Был лунный и безветренный, но довольно холодный вечер — как-никак середина октября, — когда мой друг Кура из рыбачьей харчевни «Сэмбон» пригласил меня на ловлю живца и мы отправились к восточному побережью. Где-то уже около десяти вечера наши лодки подошли к мел­ководью у самого устья протоки. Как раз начинался отлив, и из-под воды проглянули две песчаные отмели. Там мигало уже десятка полтора  фонарей — это  опередившие  нас рыбаки ставили ловушки. Я остановил свою плоскодонку и глядел, как Кура ловко изогнул длинные спицы, отчего отверстие мешка приняло квадратную форму, и воткнул их концами в песок, прижав нижний край мешка вплотную ко дну. Теперь живец, направлявшийся к морю, сам собой попадал в ловушку. Не переставая работать руками, Кура, заикаясь и растягивая слова — он с детства был косноязы­чен, — объяснял мне нехитрое устройство ловушки. Вдруг, едва он умолк, кто-то окликнул меня, словно только и ждал, когда Кура закончит свои пояснения.

Я оглянулся. На другой стороне отмели, размахивая фонарем, стоял капитан Кояма.

— Живца промышляете? — спросил капитан.
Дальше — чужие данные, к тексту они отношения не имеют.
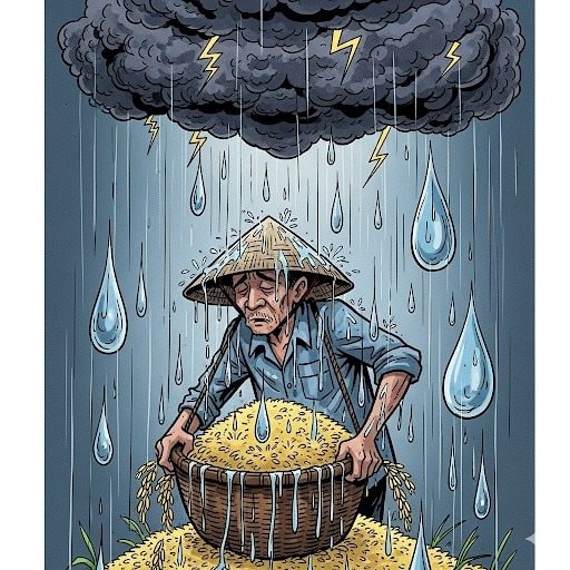 Những cơn mưa lớn kéo dài khiến lúa thu hoạch bị ẩm, độ ẩm cao, chất lượng giảm sút. Hạt lúa không còn đẹp, không đạt chuẩn, thương lái và doanh nghiệp lại có thêm lý do để ép giá. Đã thế, năng suất vụ này cũng thấp hơn hẳn mọi năm.

Он при­поднял до груди увесистый мешок и просипел: — Нынче ночью раньше обычного к морю пошел. Вон какой взял улов. На сегодня, пожалуй, хватит, пора и домой. — Потом дружелюбно и, как мне показалось, даже слегка заискива­юще предложил: — Не пожалуете ли ко мне в гости?

Я взглянул на Куру. Он молча ладил следующую ловуш­ку. Поколебавшись немного, я решил, что обижу Кояму отказом, и, предупредив Куру, направил свою плоскодонку вслед за лодкой капитана. Ярко светила луна, но узкая про­тока, лежавшая в тени высоких камышей, все равно остава­лась черной. Я плыл за Коямой, после первых же поворотов утратив всякое представление о том, где я, собственно, нахожусь. Но капитан уверенно вел свою лодку, и вскоре, миновав узкую, извилистую и совершенно неведомую мне протоку, мы причалили к борту «семнадцатого».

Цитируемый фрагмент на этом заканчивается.